I spoke to a couple of dealers and they knocked say 200 off. They are saying thats all they can do as they are matching the government scheme and that the dealership is paying half of that. 
Anyone done better on a scrappage deal? if so what kind of car? and if you dont mind what price?


----------



## z101 (28 Jan 2010)

Just for give an EG. Suzuki swift 3k total scrappage making it 11700. Will do 11500. Basic colour and model. Not 100% if it includes delivery but I think it does.


----------



## bacchus (29 Jan 2010)

Ceatharlach said:


> I spoke to a couple of dealers and they knocked say 200 off. They are saying thats all they can do



They all say that but they can do much better...I was told that once, and i still manage to further get the price down by almost €2k.
Once you know exactly the car model and spec you want to buy, visit few dealers to show your interest, then organize an "auction"between them all...you'll be amazed how quickly and by how much the price will go down...you just have to fine some "hungry" sales men.


----------



## npgallag (29 Jan 2010)

11500 seems a lot...guy in office here lookin at this as well and best he found was Mitz Colt for 9900..tis the 3 door now.


----------



## Padraigb (29 Jan 2010)

Responding to Ceatharlach's question above: I have ordered a Renault Mégane (weeks to wait for delivery, because Renault's scrappage scheme deals seem genuinely good, and they are selling cars faster than they can get them in).

bacchus is right on strategy: I played two dealerships off against one another.


----------



## crabbybear (29 Jan 2010)

Padraigb said:


> Responding to Ceatharlach's question above: I have ordered a Renault Mégane (weeks to wait for delivery, because Renault's scrappage scheme deals seem genuinely good, and they are selling cars faster than they can get them in).
> 
> bacchus is right on strategy: I played two dealerships off against one another.


 
Good luck with it -- don't take this wrong but you may need it. Considered the Renault scrappage scheme myself on the hope quality and relability have improved but decided against, thinking about the heap of junk of a Renault 19 I has about 10 years ago.


----------



## foxylady (29 Jan 2010)

I just contacted Renault Airside  to see if this is being extended they seemed unsure but said it might be. Also when I enguired about a renault clio I was told If I buy now I wont get it until April, Is this the norm as I have never bought a brand new car before.


----------



## Padraigb (29 Jan 2010)

crabbybear said:


> Good luck with it -- don't take this wrong but you may need it. Considered the Renault scrappage scheme myself on the hope quality and relability have improved but decided against, thinking about the heap of junk of a Renault 19 I has about 10 years ago.

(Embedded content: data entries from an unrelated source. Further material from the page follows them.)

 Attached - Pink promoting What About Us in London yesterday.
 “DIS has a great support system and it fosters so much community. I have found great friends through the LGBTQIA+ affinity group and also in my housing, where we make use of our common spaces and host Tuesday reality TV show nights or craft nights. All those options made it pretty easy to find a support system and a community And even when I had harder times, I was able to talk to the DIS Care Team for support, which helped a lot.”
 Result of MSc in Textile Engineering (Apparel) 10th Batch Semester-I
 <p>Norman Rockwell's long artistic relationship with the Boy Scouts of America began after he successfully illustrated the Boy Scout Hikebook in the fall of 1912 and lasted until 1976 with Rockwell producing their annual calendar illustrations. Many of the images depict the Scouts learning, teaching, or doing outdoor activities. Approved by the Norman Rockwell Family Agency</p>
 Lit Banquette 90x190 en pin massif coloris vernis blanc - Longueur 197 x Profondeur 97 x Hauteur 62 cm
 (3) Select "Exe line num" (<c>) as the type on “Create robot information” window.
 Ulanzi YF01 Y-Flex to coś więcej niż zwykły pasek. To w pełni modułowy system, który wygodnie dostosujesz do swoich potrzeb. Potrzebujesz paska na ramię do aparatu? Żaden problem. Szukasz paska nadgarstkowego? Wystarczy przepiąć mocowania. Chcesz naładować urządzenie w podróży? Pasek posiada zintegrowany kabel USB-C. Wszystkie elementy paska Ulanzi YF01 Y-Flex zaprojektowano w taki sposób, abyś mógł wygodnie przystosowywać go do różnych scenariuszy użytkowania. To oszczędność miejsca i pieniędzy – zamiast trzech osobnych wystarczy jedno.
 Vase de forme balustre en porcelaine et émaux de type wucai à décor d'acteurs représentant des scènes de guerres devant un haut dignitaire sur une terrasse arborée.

Thanks. I did some checking on quality and reliability, and the consensus seems to be that Renault have improved greatly.


----------



## Padraigb (29 Jan 2010)

foxylady said:


> I just contacted Renault Airside to see if this is being extended they seemed unsure but said it might be. Also when I enguired about a renault clio I was told If I buy now I wont get it until April, Is this the norm as I have never bought a brand new car before.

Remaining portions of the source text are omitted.